_What you should do_
The entries below must be retyped exactly. Pictures are to be omitted.

╭──

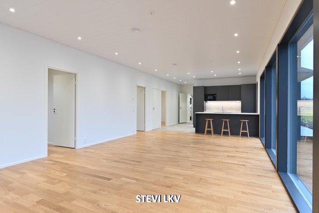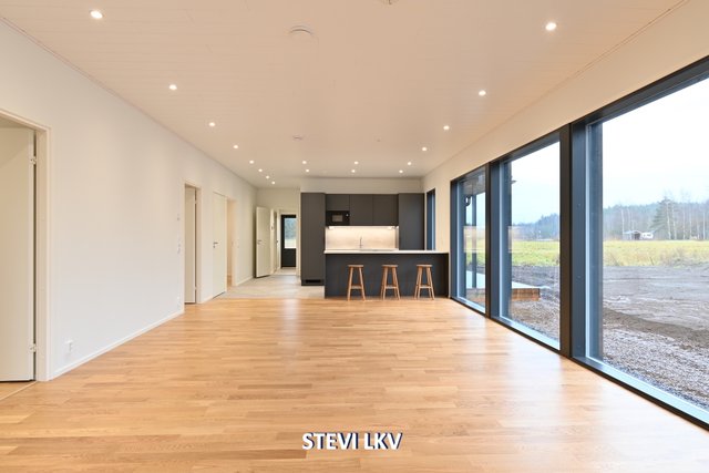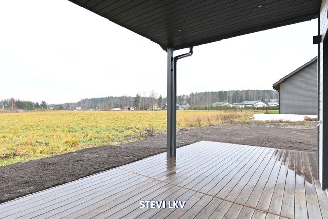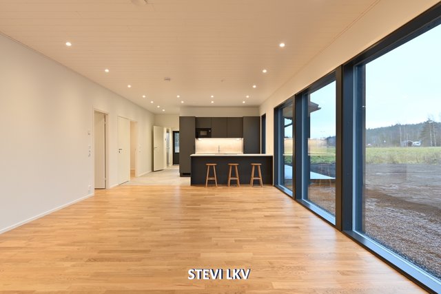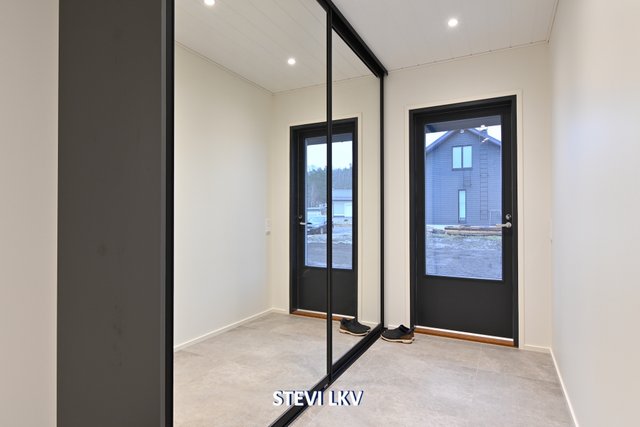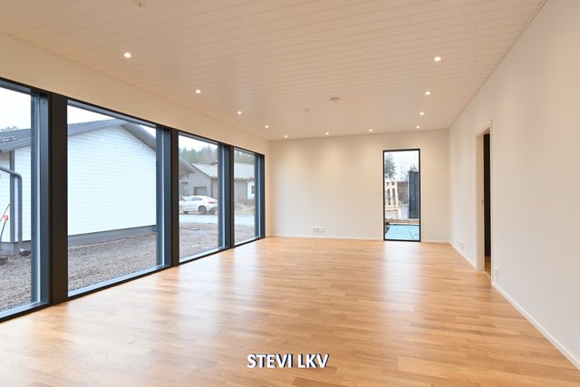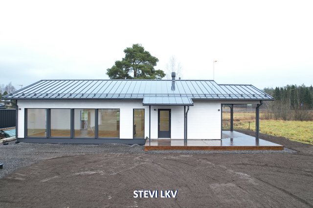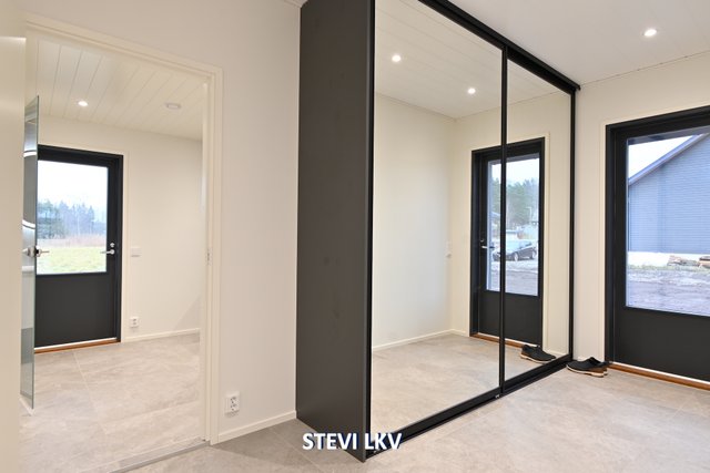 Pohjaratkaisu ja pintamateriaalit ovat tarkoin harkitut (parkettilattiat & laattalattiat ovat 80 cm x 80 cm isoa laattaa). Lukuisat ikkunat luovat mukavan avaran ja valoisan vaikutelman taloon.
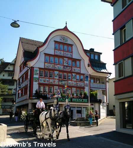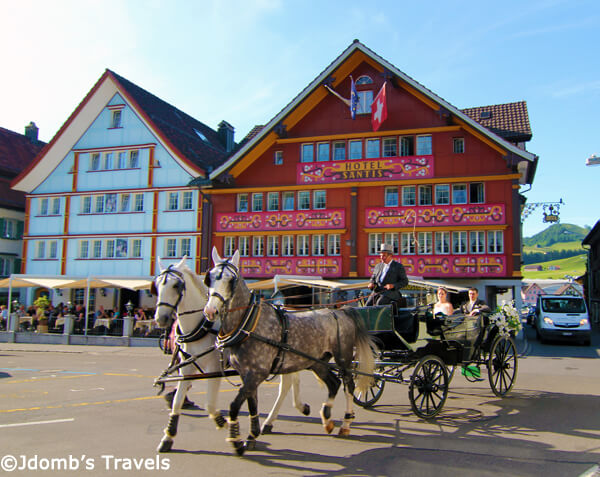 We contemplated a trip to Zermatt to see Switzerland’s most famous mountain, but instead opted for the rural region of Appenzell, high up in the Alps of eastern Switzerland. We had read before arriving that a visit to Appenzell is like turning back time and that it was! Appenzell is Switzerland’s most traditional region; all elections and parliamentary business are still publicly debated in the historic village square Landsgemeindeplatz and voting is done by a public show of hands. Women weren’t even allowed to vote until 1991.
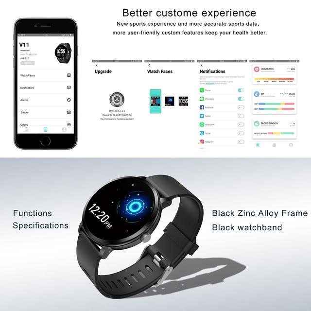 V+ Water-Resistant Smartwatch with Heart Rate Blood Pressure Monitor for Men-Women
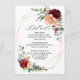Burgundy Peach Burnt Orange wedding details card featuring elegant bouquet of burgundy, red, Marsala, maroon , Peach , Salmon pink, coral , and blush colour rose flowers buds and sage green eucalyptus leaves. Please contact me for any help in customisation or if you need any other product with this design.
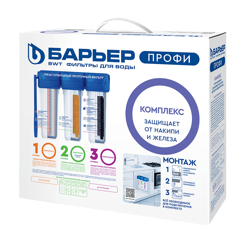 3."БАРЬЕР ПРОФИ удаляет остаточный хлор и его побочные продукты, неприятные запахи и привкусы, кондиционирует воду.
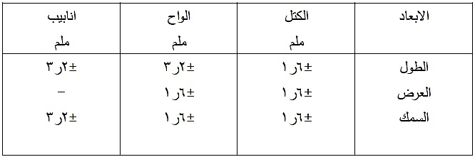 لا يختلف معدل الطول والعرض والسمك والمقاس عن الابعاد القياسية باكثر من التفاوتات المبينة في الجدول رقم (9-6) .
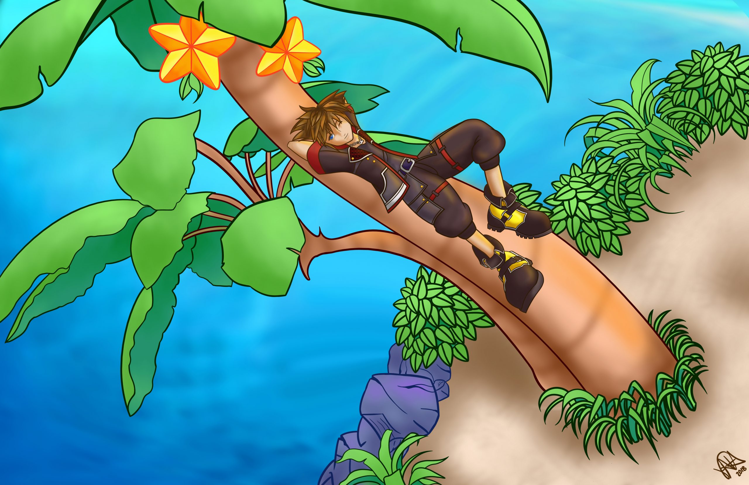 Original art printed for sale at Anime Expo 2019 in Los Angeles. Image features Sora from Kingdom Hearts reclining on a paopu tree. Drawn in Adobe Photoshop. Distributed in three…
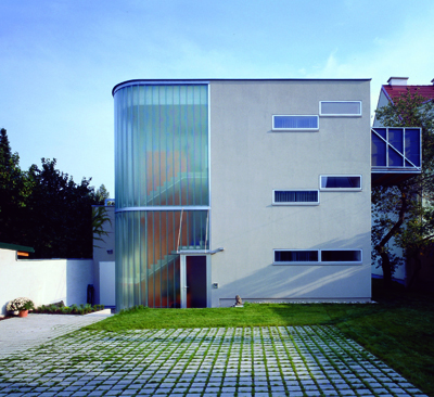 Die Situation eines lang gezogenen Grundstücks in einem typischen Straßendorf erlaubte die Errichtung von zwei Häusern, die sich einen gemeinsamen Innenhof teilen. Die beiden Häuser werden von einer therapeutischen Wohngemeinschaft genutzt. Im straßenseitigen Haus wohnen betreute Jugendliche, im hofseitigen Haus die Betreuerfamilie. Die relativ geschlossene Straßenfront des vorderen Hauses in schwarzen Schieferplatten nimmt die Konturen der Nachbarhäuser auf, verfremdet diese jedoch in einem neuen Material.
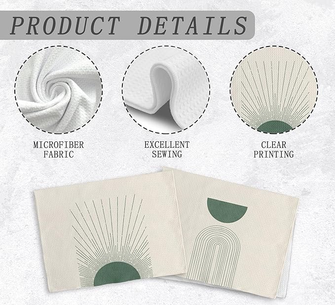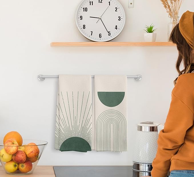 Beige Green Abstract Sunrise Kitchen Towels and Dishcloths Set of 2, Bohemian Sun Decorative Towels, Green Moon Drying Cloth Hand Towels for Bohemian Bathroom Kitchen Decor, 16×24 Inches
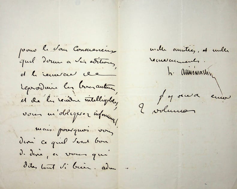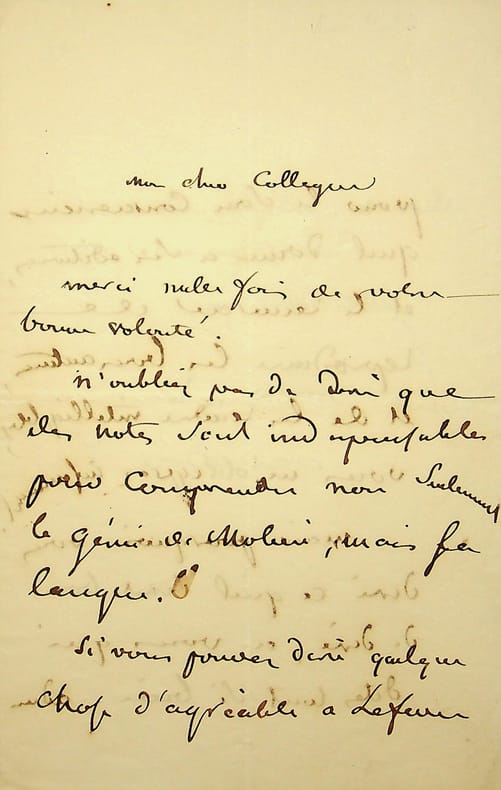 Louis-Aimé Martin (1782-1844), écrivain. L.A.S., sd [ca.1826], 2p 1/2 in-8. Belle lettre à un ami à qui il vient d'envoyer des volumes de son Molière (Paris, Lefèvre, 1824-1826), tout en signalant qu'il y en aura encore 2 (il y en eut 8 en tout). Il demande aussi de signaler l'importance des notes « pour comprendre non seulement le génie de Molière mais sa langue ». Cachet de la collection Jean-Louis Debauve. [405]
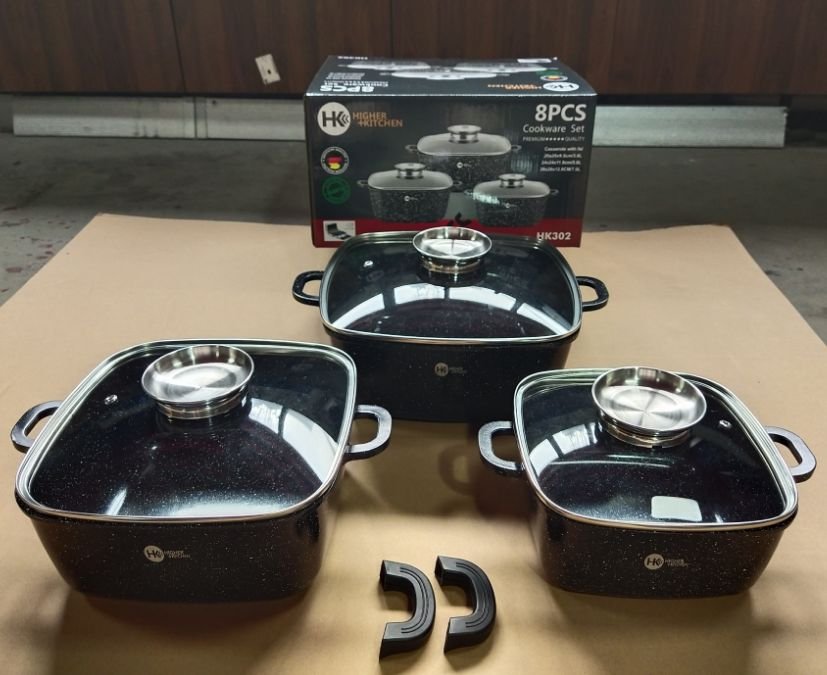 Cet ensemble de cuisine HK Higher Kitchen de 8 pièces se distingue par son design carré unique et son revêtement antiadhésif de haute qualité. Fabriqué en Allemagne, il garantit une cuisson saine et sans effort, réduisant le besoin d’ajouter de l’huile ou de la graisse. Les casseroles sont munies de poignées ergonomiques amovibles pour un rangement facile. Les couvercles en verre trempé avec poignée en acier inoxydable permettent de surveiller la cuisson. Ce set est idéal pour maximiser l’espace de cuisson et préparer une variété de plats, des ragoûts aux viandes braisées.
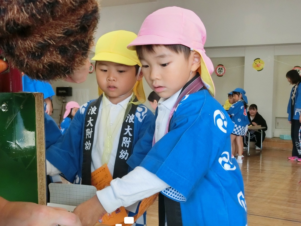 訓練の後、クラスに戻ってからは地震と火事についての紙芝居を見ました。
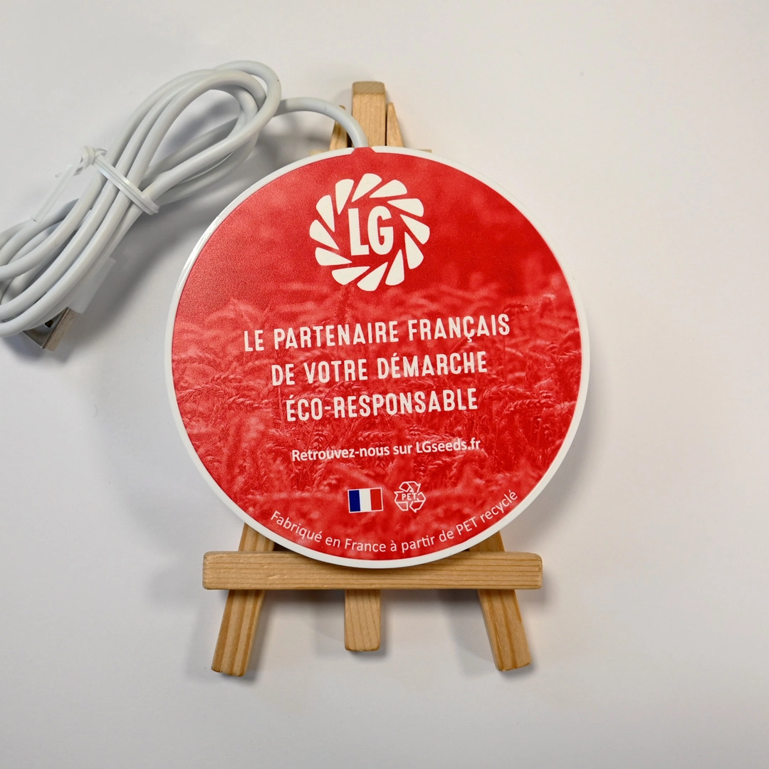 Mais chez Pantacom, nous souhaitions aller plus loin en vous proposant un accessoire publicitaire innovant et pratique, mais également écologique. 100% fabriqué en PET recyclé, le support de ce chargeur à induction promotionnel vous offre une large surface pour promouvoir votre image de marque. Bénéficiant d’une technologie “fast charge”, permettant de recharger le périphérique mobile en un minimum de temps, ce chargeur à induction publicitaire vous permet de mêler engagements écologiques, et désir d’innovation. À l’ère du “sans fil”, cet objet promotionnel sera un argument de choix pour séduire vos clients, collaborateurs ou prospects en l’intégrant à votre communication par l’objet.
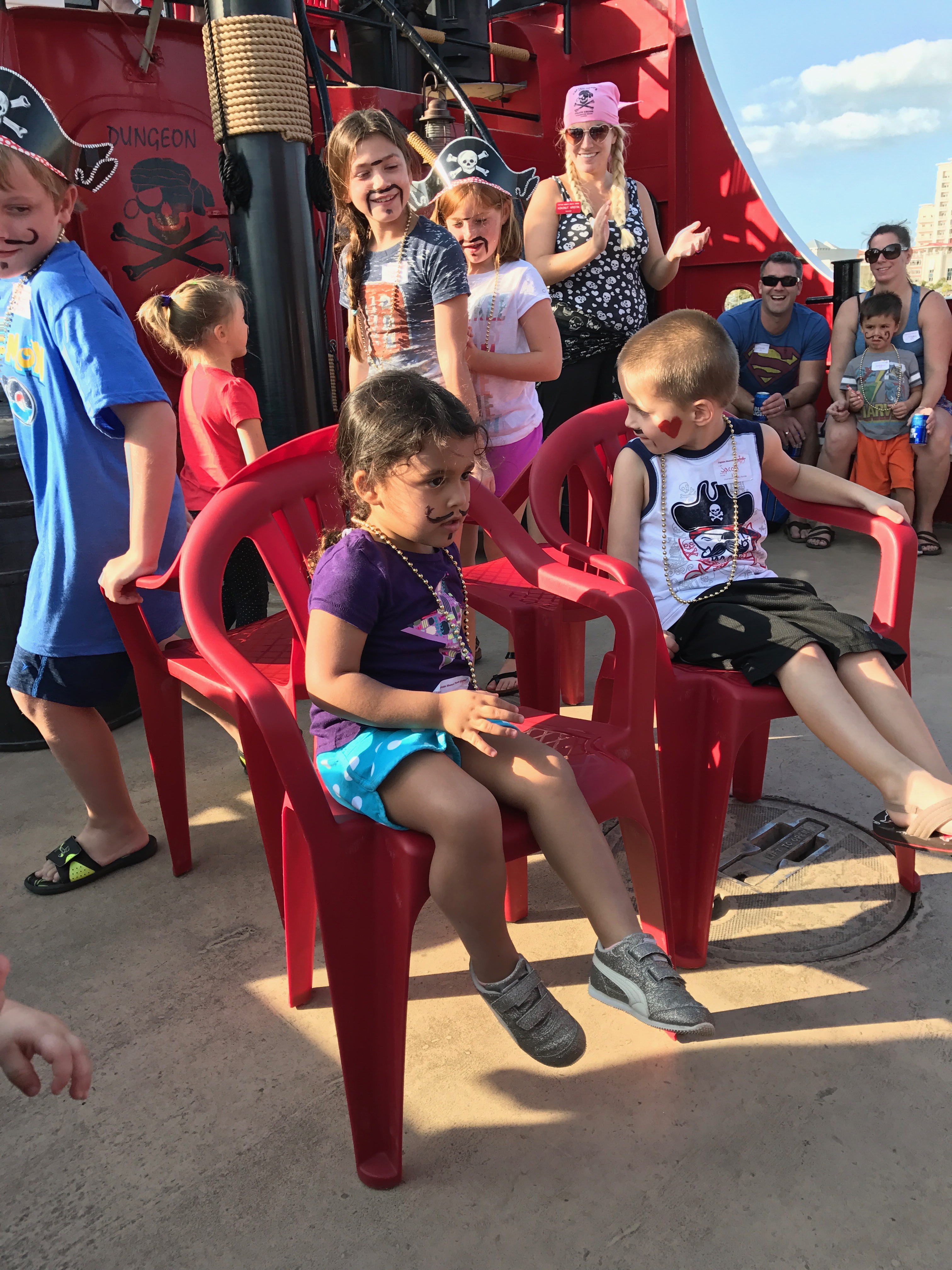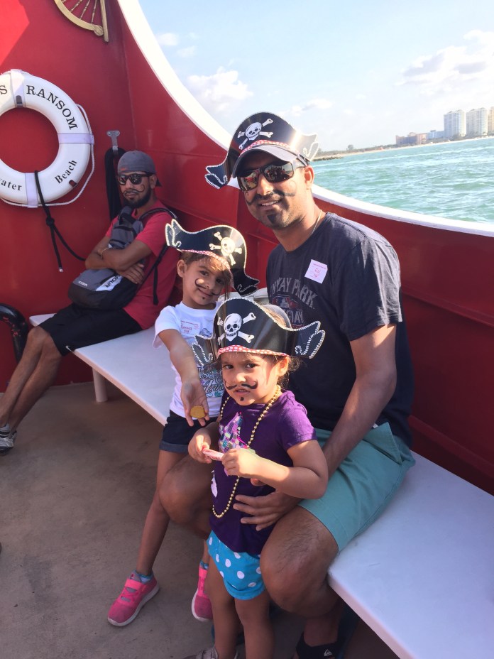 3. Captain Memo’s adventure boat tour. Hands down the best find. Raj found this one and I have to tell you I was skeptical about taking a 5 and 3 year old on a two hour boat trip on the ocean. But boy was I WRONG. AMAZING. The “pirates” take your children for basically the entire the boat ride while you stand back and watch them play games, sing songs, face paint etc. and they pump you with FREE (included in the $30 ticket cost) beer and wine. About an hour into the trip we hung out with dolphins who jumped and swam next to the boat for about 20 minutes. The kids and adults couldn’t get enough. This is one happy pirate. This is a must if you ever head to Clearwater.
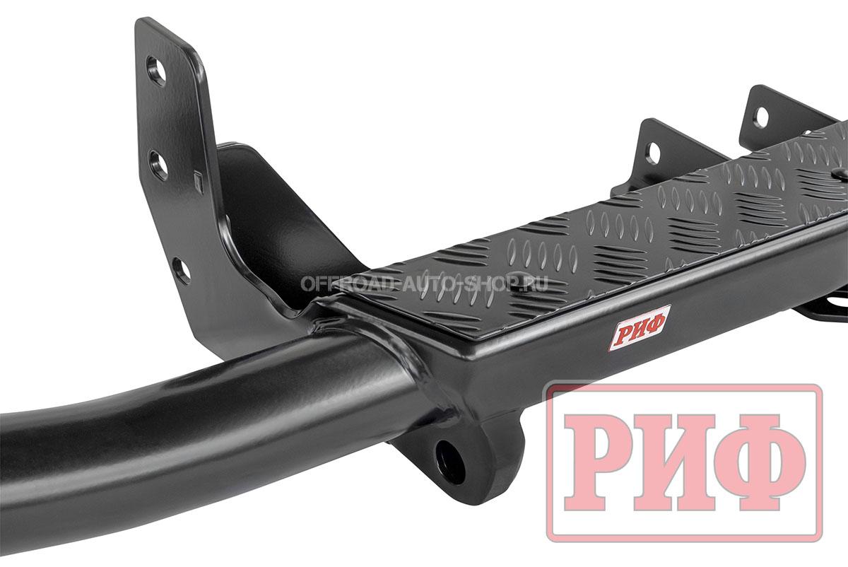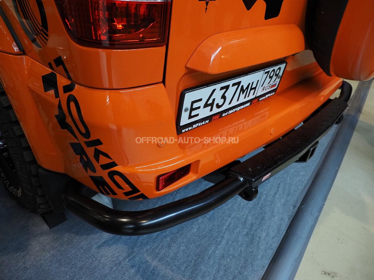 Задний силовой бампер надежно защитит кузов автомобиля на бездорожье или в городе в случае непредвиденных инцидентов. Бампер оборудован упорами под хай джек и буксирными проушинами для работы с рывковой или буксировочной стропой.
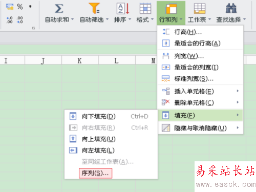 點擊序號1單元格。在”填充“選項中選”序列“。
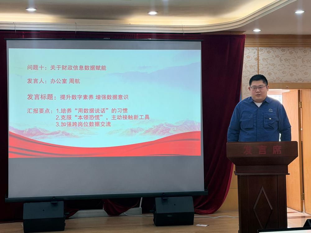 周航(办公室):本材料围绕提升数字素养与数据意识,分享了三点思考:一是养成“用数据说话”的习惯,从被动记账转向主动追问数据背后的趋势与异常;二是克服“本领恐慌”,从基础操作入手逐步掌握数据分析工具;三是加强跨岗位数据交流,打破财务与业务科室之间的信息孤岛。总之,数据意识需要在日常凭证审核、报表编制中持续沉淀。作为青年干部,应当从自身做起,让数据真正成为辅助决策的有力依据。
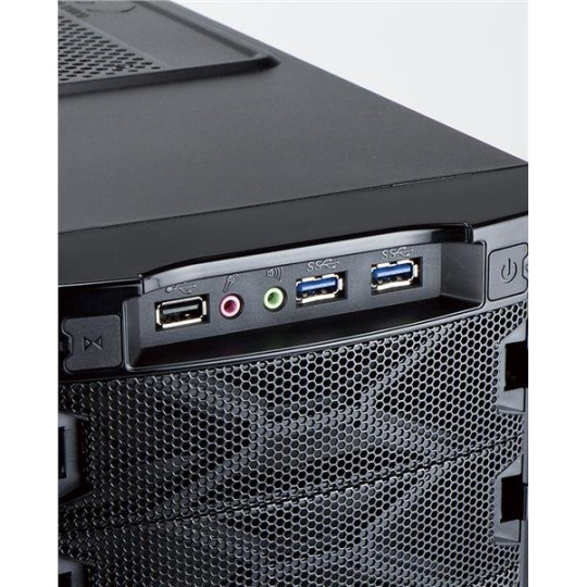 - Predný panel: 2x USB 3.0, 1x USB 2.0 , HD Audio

╰──

_Answer box_
 Pohjaratkaisu ja pintamateriaalit ovat tarkoin harkitut (parkettilattiat & laattalattiat ovat 80 cm x 80 cm isoa laattaa). Lukuisat ikkunat luovat mukavan avaran ja valoisan vaikutelman taloon.
 We contemplated a trip to Zermatt to see Switzerland’s most famous mountain, but instead opted for the rural region of Appenzell, high up in the Alps of eastern Switzerland. We had read before arriving that a visit to Appenzell is like turning back time and that it was! Appenzell is Switzerland’s most traditional region; all elections and parliamentary business are still publicly debated in the historic village square Landsgemeindeplatz and voting is done by a public show of hands. Women weren’t even allowed to vote until 1991.
 V+ Water-Resistant Smartwatch with Heart Rate Blood Pressure Monitor for Men-Women
Burgundy Peach Burnt Orange wedding details card featuring elegant bouquet of burgundy, red, Marsala, maroon , Peach , Salmon pink, coral , and blush colour rose flowers buds and sage green eucalyptus leaves. Please contact me for any help in customisation or if you need any other product with this design.
 3."БАРЬЕР ПРОФИ удаляет остаточный хлор и его побочные продукты, неприятные запахи и привкусы, кондиционирует воду.
 لا يختلف معدل الطول والعرض والسمك والمقاس عن الابعاد القياسية باكثر من التفاوتات المبينة في الجدول رقم (9-6) .
 Original art printed for sale at Anime Expo 2019 in Los Angeles. Image features Sora from Kingdom Hearts reclining on a paopu tree. Drawn in Adobe Photoshop. Distributed in three…
 Die Situation eines lang gezogenen Grundstücks in einem typischen Straßendorf erlaubte die Errichtung von zwei Häusern, die sich einen gemeinsamen Innenhof teilen. Die beiden Häuser werden von einer therapeutischen Wohngemeinschaft genutzt. Im straßenseitigen Haus wohnen betreute Jugendliche, im hofseitigen Haus die Betreuerfamilie. Die relativ geschlossene Straßenfront des vorderen Hauses in schwarzen Schieferplatten nimmt die Konturen der Nachbarhäuser auf, verfremdet diese jedoch in einem neuen Material.
 Beige Green Abstract Sunrise Kitchen Towels and Dishcloths Set of 2, Bohemian Sun Decorative Towels, Green Moon Drying Cloth Hand Towels for Bohemian Bathroom Kitchen Decor, 16×24 Inches
 Louis-Aimé Martin (1782-1844), écrivain. L.A.S., sd [ca.1826], 2p 1/2 in-8. Belle lettre à un ami à qui il vient d'envoyer des volumes de son Molière (Paris, Lefèvre, 1824-1826), tout en signalant qu'il y en aura encore 2 (il y en eut 8 en tout). Il demande aussi de signaler l'importance des notes « pour comprendre non seulement le génie de Molière mais sa langue ». Cachet de la collection Jean-Louis Debauve. [405]
 Cet ensemble de cuisine HK Higher Kitchen de 8 pièces se distingue par son design carré unique et son revêtement antiadhésif de haute qualité. Fabriqué en Allemagne, il garantit une cuisson saine et sans effort, réduisant le besoin d’ajouter de l’huile ou de la graisse. Les casseroles sont munies de poignées ergonomiques amovibles pour un rangement facile. Les couvercles en verre trempé avec poignée en acier inoxydable permettent de surveiller la cuisson. Ce set est idéal pour maximiser l’espace de cuisson et préparer une variété de plats, des ragoûts aux viandes braisées.
 訓練の後、クラスに戻ってからは地震と火事についての紙芝居を見ました。
 Mais chez Pantacom, nous souhaitions aller plus loin en vous proposant un accessoire publicitaire innovant et pratique, mais également écologique. 100% fabriqué en PET recyclé, le support de ce chargeur à induction promotionnel vous offre une large surface pour promouvoir votre image de marque. Bénéficiant d’une technologie “fast charge”, permettant de recharger le périphérique mobile en un minimum de temps, ce chargeur à induction publicitaire vous permet de mêler engagements écologiques, et désir d’innovation. À l’ère du “sans fil”, cet objet promotionnel sera un argument de choix pour séduire vos clients, collaborateurs ou prospects en l’intégrant à votre communication par l’objet.
 3. Captain Memo’s adventure boat tour. Hands down the best find. Raj found this one and I have to tell you I was skeptical about taking a 5 and 3 year old on a two hour boat trip on the ocean. But boy was I WRONG. AMAZING. The “pirates” take your children for basically the entire the boat ride while you stand back and watch them play games, sing songs, face paint etc. and they pump you with FREE (included in the $30 ticket cost) beer and wine. About an hour into the trip we hung out with dolphins who jumped and swam next to the boat for about 20 minutes. The kids and adults couldn’t get enough. This is one happy pirate. This is a must if you ever head to Clearwater.
 Задний силовой бампер надежно защитит кузов автомобиля на бездорожье или в городе в случае непредвиденных инцидентов. Бампер оборудован упорами под хай джек и буксирными проушинами для работы с рывковой или буксировочной стропой.
 點擊序號1單元格。在”填充“選項中選”序列“。
 周航(办公室):本材料围绕提升数字素养与数据意识,分享了三点思考:一是养成“用数据说话”的习惯,从被动记账转向主动追问数据背后的趋势与异常;二是克服“本领恐慌”,从基础操作入手逐步掌握数据分析工具;三是加强跨岗位数据交流,打破财务与业务科室之间的信息孤岛。总之,数据意识需要在日常凭证审核、报表编制中持续沉淀。作为青年干部,应当从自身做起,让数据真正成为辅助决策的有力依据。
 - Predný panel: 2x USB 3.0, 1x USB 2.0 , HD Audio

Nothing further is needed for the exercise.